Sinnot teaches the impact of such decisions on students’ insurance bills, Caldwell said.
“For each and every decision, there’s a consequence,” Caldwell said. “From an insurance standpoint, there’s an increase or decrease of premiums, based on driving experience.”
Burgner said the fact that the school district continues to use the Operation Impact program since 2008 “shows the value in the program.”
“To have them step up and see the need and move this program forward, and still have that program in our schools today, shows that it is a sustainable program,” he said.
Burgner said that over the past 10 years as Oswego’s population has grown, the proportion of teens involved in crashes has remained the same. He said his department also saw a slight reduction in the number of crashes where teens living in the Oswego ZIP code were at-fault drivers.
“To me, even though it’s not a monumental number in the grand scheme of things, it’s still a reduction,” he said. “To me, that’s a success.”
Baird praised the Operation Impact program.

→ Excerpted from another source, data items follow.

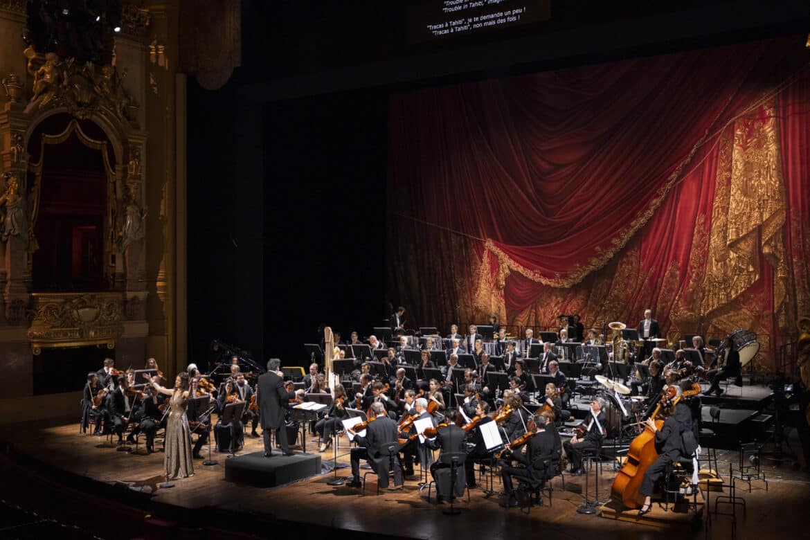 Que le directeur de l’orchestre de l’Opéra de Paris ait souhaité rendre hommage à son propre patrimoine musical, rien de plus normal. On s’étonne néanmoins de la manière dont il s’y est pris, avec ce concert « Carte blanche » qu’il a décidé de saucissonner en infimes rondelles alternant œuvres vocales et pages instrumentales, en une succession de pièces courtes, voire brévissimes, comme si le public parisien – c’est peut-être le cas, après tout – était incapable de supporter des compositions d’une durée excédant dix, voire cinq minutes. D’où une certaine impression de décousu, renforcée par les contraintes qu’impose la captation audio et vidéo, des techniciens intervenant constamment pour déplacer les micros sur le plateau. Sans parler du fait que, parmi les partitions réunies, figure bon nombre de ce que les Anglo-Saxons appellent lollipops, « sucettes », ces mélodies séduisantes qui plaisent à coup sûr. Les sucettes ont, en l’occurrence, un goût de chorizo puisqu’elles sont très majoritairement hispaniques : même lorsqu’on s’éloigne de l’Espagne et de l’Amérique du sud, on y revient indirectement, « Youkali », composé par Kurt Weill lors de son séjour parisien, étant écrit sur un rythme de habanera, et le duo extrait de West Side Story réunissant deux Latino-Américaines, Maria et Anita. Leonard Bernstein est très présent dans ce concert, depuis un réjouissant « Dance Episode » tiré de On the Town, jusqu’à une assez terne valse composée en 1980 dans le cadre de son Divertimento pour orchestre, sans oublier un des sommets de Trouble in Tahiti, « Island Magic ». Et puisque la fin de carrière de Kurt Weill se déroula aux Etats-Unis, le concert inclut aussi le fameux « Ice-Cream Sextet » de son opéra Street Scene.
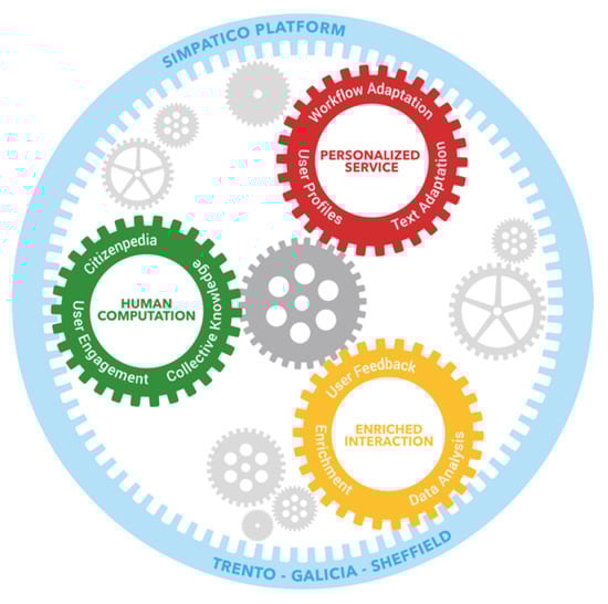 The goal of SIMPATICO is accomplished through a solution based on the interplay of language processing, machine learning and the wisdom of the crowd (represented by citizens, business organizations and civil servants) to change for the better the way citizens interact with the PA. SIMPATICO adapts the interaction process to the characteristics of each user profile; simplifies text and documents to make them understandable; enables feedback for the users on problems and difficulties in the interaction; engages civil servants, citizens and professionals so as to make use of their knowledge and integrate it in the system (Figure 1).
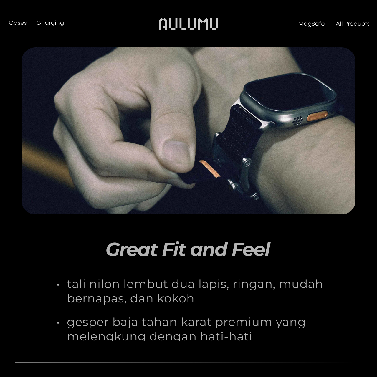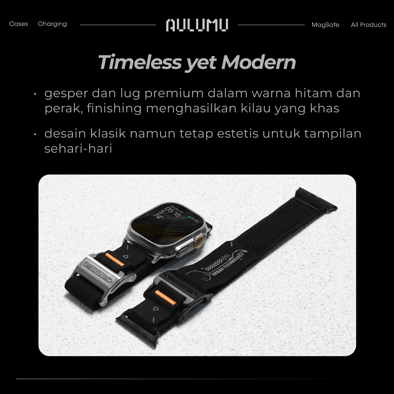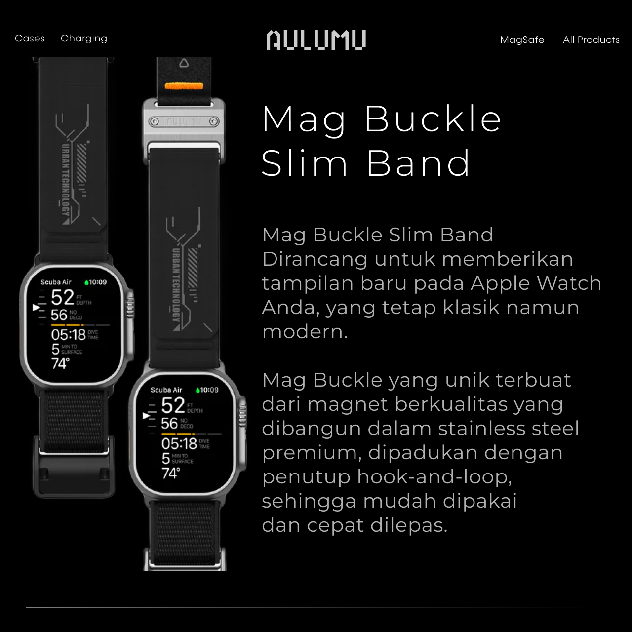Strap Apple Watch Ultra Series Ultra 49mm, Apple Watch Series 10 (46mm), Apple Watch Series 9, 8, 7 (45mm), Series 6, 5, 4 (44mm), SE (44mm), Series 3 (42mm) Aulumu Magnetic Buckle Slim Band Flexible merupakan strap yang memiliki gaya yang modern, Bagian bukle yang memiliki magnet kuat untuk mengunci sehingga sangat nyaman dan mudah digunakan setiap hari.
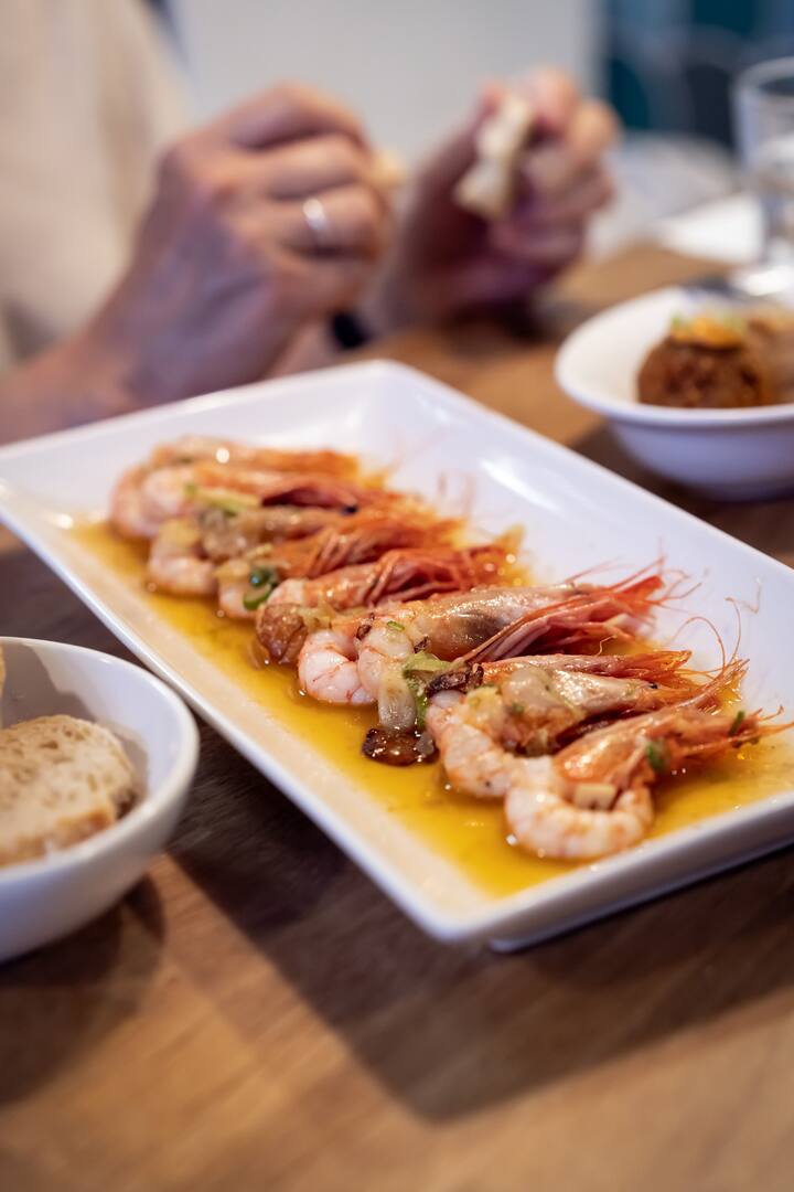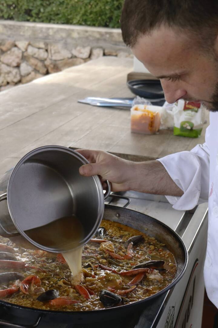 Wir beginnen das Abendessen mit gegrillten Garnelen aus Sóller, gegrillten Jakobsmuscheln mit Miso-Sauce und hausgemachten Kroketten. Hauptgericht mit einer köstlichen Paella mit Meeresfrüchten, gefolgt von Zitronenmousse.
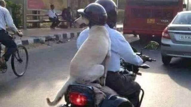 सड़क पर बाइक चलाता दिखा कुत्ता
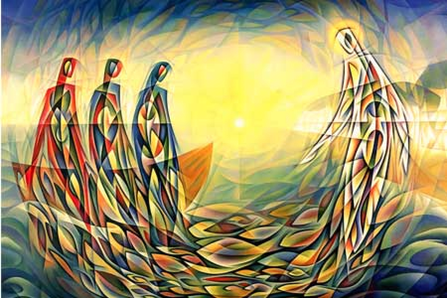 It was light by now and there stood Jesus on the shore, though the disciples did not realise that it was Jesus. Jesus called out, ‘Have you caught anything, friends?’ And when they answered, ‘No,’ he said, ‘Throw the net out to starboard and you’ll find something.’ So they dropped the net, and there were so many fish that they could not haul it in. The disciple Jesus loved said to Peter, ‘It is the Lord.’ At these words ‘It is the Lord,’ Simon Peter, who had practically nothing on, wrapped his cloak round him and jumped into the water. The other disciples came on in the boat, towing the net and the fish; they were only about a hundred yards from land.
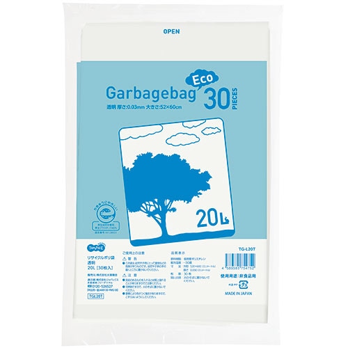 TANOSEE リサイクルポリ袋 透明 20L 1パック(30枚)

Baird said Oswego saw a more than 20 percent decrease of accidents from 16- to 20-year-olds for five years following the crash, but it’s unknown whether it’s related to the crash or Operation Impact.
“That could be a positive,” he said. “There’s a positive interaction because the sheriff’s office, Oswego police, and local business people have more interaction with the youth of the community.”
Weis said it’s difficult to quantify whether programs like Operation Impact, or the lasting effect of the crash, affect young people’s thinking about drinking and driving.
“If it stopped one person from getting behind the wheel or one person made that decision, we’ll never know that that actually happened,” Weis said. “I like to think it does.”